Study of Improvements in NOx Reduction Performance on Simultaneous Reduction System of PM and NOx 2005-01-3884
Performance improvements were studied for the diesel particulate and NOx reduction system (DPNR), a system that simultaneously reduces NOx and Particulate Matter (PM) from diesel engine exhaust gas. The experimental system (hereinafter called the “dual DPNR”) consists of two DPNR catalysts arranged in parallel, each provided with an exhaust throttle valve downstream to control the exhaust gas flow to the catalyst, plus a fuel injector that precisely controls the air-fuel ratio and the catalyst bed temperature. The fuel injector is used to supply a rich mixture to the DPNR catalyst, and the flow of exhaust gas is switched between the two catalysts by operating the exhaust throttle valves alternately.
Tests were conducted with the engine running at steady state. The results indicated that the NOx reduction performance dramatically improved and the loss of fuel economy from the NOx reduction reduced. This was achieved by using the exhaust throttle valve to lower the Specific Velocity (SV) ratio on the catalyst therefore maintaining a rich atmosphere for the optimum length of time. The dual DPNR system is also expected to improve NOx reduction performance during forced PM oxidation, which is difficult for a conventional system, and also to improve recovery performance from catalyst poisoning due to sulfur. The main issues for commercialization are dealing with transient operation.

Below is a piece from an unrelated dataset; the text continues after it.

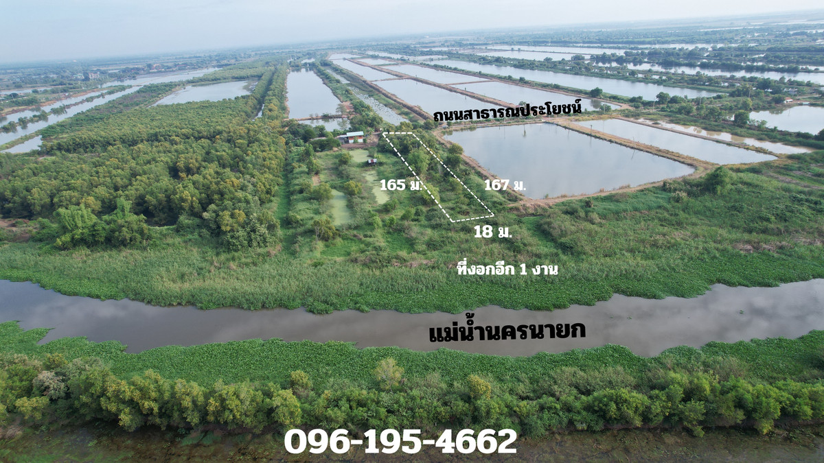 ขายที่ดิน 1 ไร่ 378 ตารางวา ติดแม่น้ำนครนายก อ.องครักษ์ ขายพร้อมโอน 9แสน9หมื่นบาท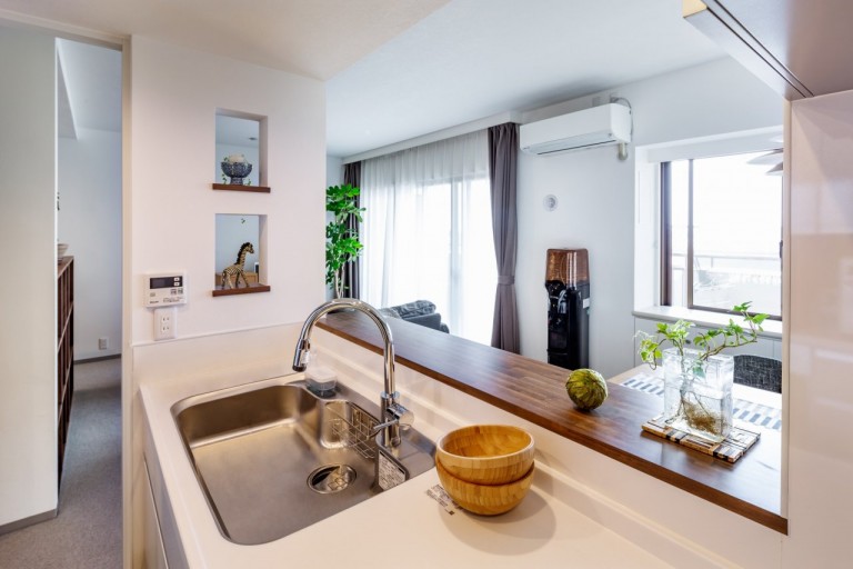 ◆キッチンはL型からI型に変更し、動線をシンプルに。

In this paper, the durability of the catalyst is also reported as the major issue of DPNR in the APPENDIX. Specifically, a long-term endurance evaluation equivalent to 250,000km running was carried out using a mass-production engine. This was to clarify the effects of the sulfur concentration in the fuel by reducing the amount of NOx stored in the catalyst, as well as the effects of low-ash oil that clogged the catalyst. Research has yielded basic data on the use of DPNR catalysts in commercial vehicles which require better catalyst performance and durability.